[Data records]
______________________________

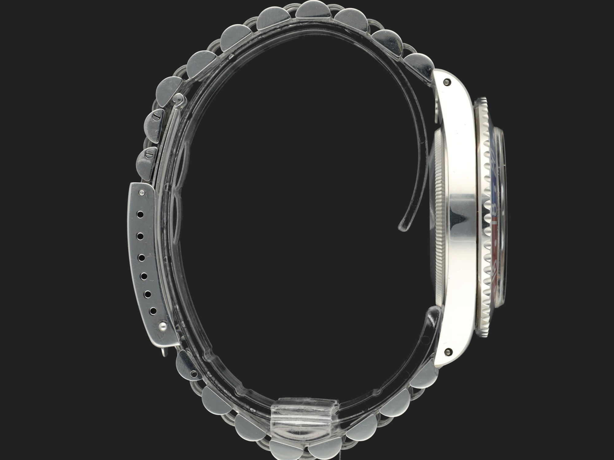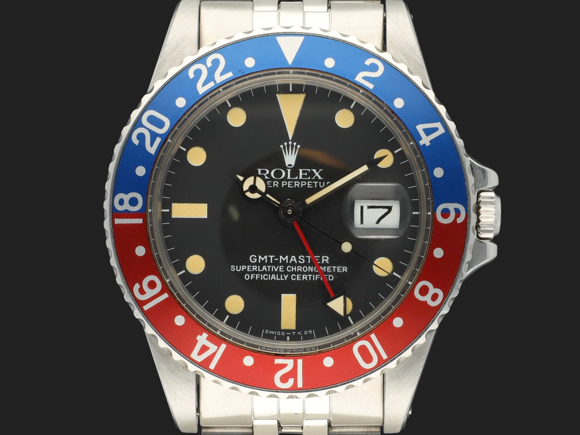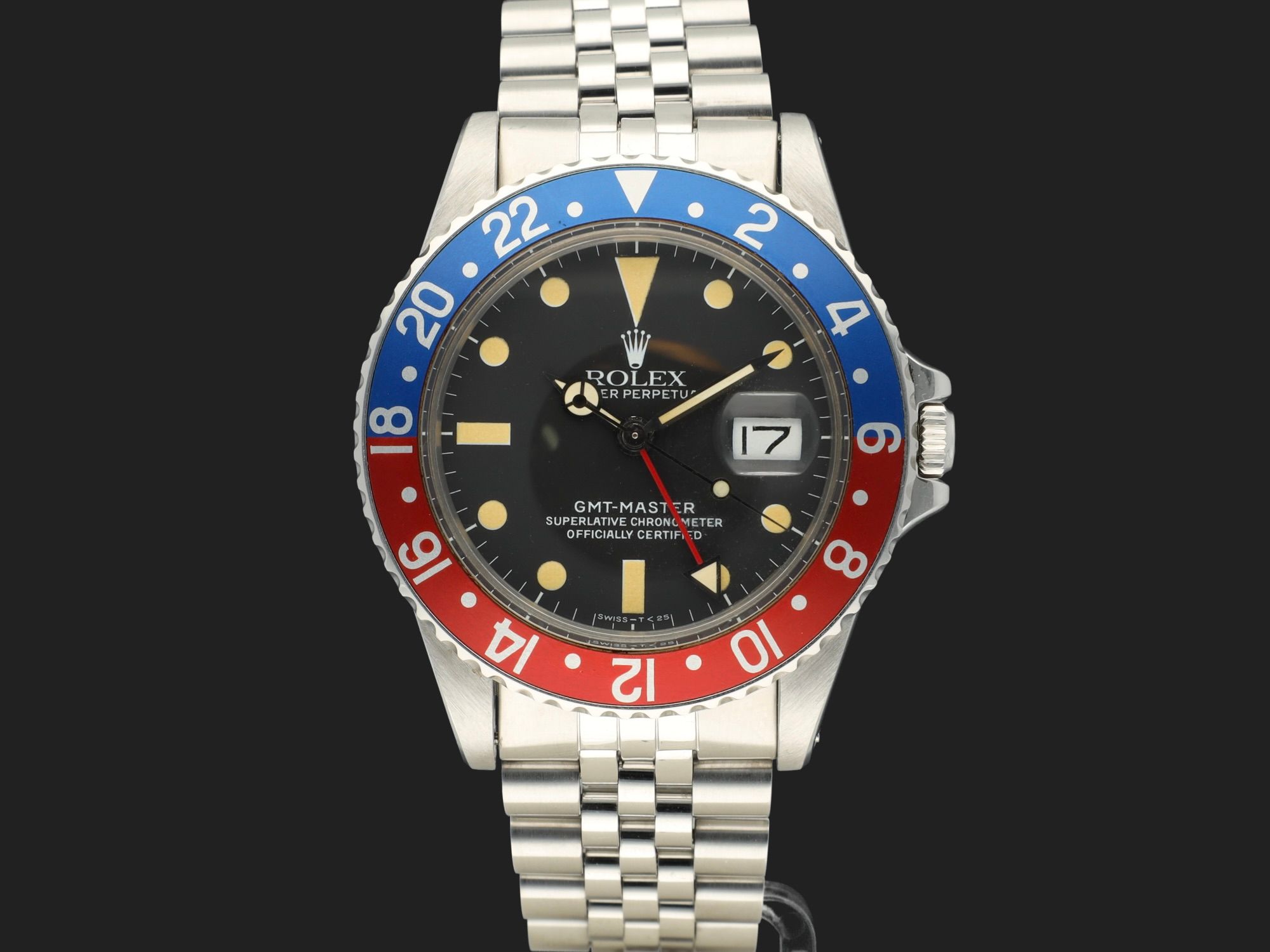 Es verfügt über einen originalen roten Pepsi-Einsatz, ein 62510H Jubilee-Armband mit F-Schließe (1983) und 555 Endlinks.
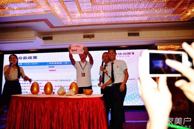 为了答谢经销商家人们对明珠创展的一路的支持与认可,明珠创展营销总监为经销商带了福利,“共谋发展,共创明珠”详细说了未来公司对经销商在推广方面会加大力度助推,全力配合经销商做活动,宣传、软文等等,感谢经销商家人们十年的同舟共济,为此今天在场的经销商家人们可以享受预存款优惠政策,现场预存并可砸金蛋拿礼物(小声说,礼物可是ipad来的)在邵总公布后经销商们可是按耐不住了,争先恐后的付款,(这真的没谁在付钱上是争着来的)现场不仅争付款,还有新家人的加入,现场签约明珠,此处有掌声。。。
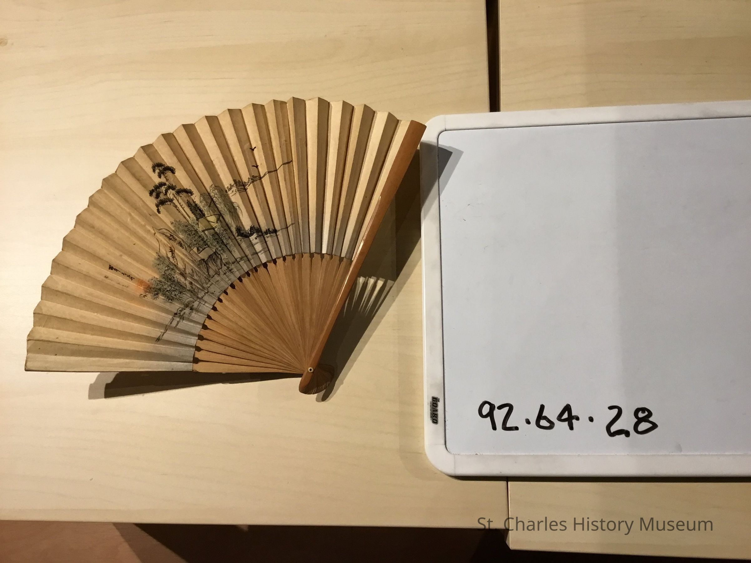Paper fan. painted scene of trees and rocks. Green, black, and yellow. Wood frame. Acquired by soldiers during WWII from Philipines.Created By
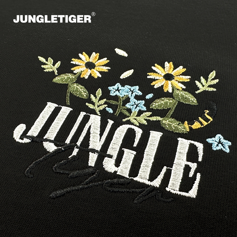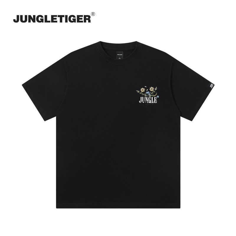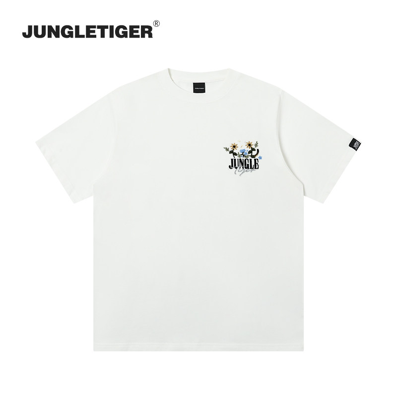 丛林老虎简约小花刺绣短袖T恤男
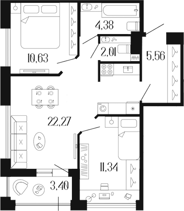 - Площадь40,64 м2
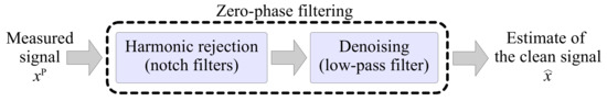 The SASS method will be compared with a reference LTI noise and harmonic rejection method based on a low-pass filter for denoising and notch filters for harmonic rejection. These filters are one of the typical first-choice methods in the case of denoising (low-pass filters) and harmonic rejection (notch filters) [20,24,36]. A block diagram of this method is presented in Figure 4.
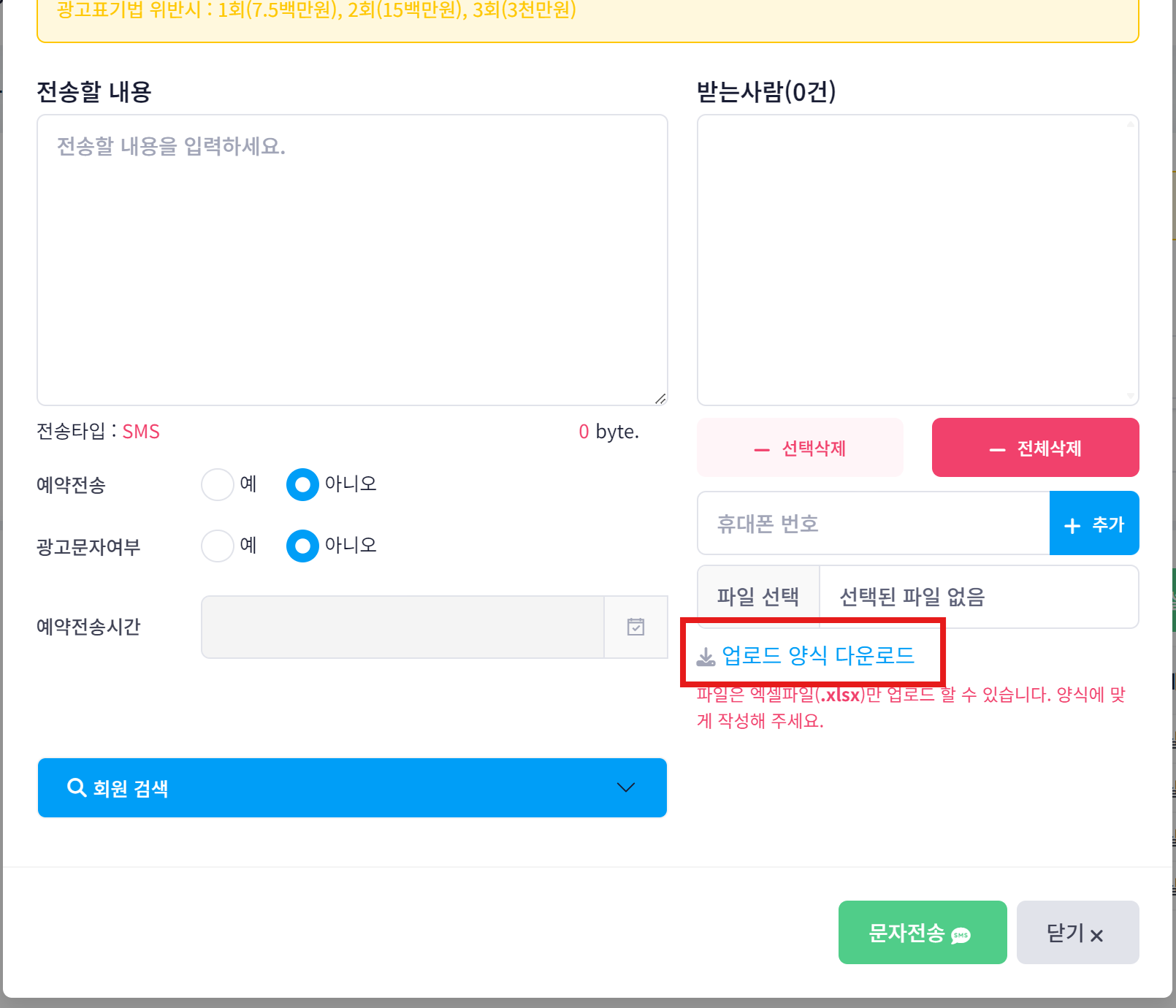 2. [문자전송] 버튼 클릭 후, 팝업 내 [업로드 양식 다운로드] 링크 클릭
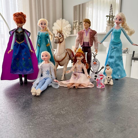 Disney Frozen leikkifiguurisetti, jossa useita elokuvan hahmoja eri kokoisina. Sopii lasten leikkeihin ja kokoelmiin. Muovisia figuureja, jotka voidaan asettaa seisomaan tasaiselle alustalle ja käyttää roolileikeissä Frozen-teeman mukaisesti.
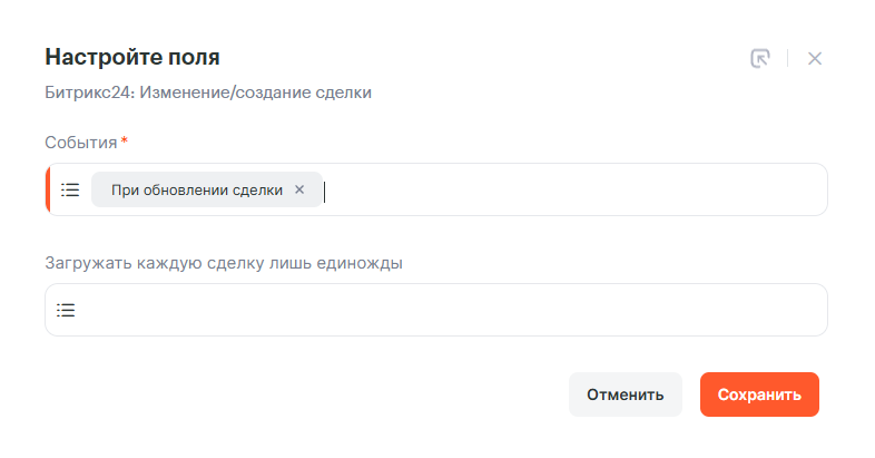 Создадим вторую связку. В качестве триггера выберем тот же что и в первой, но в настройках выберем другое событие, а именно При обновлении сделки.

______________________________

Exactly the lines from the one holding "Disney Frozen leikkifiguurisetti, jossa" to the last line of the records above should be duplicated, with no pictures among them.

 Disney Frozen leikkifiguurisetti, jossa useita elokuvan hahmoja eri kokoisina. Sopii lasten leikkeihin ja kokoelmiin. Muovisia figuureja, jotka voidaan asettaa seisomaan tasaiselle alustalle ja käyttää roolileikeissä Frozen-teeman mukaisesti.
 Создадим вторую связку. В качестве триггера выберем тот же что и в первой, но в настройках выберем другое событие, а именно При обновлении сделки.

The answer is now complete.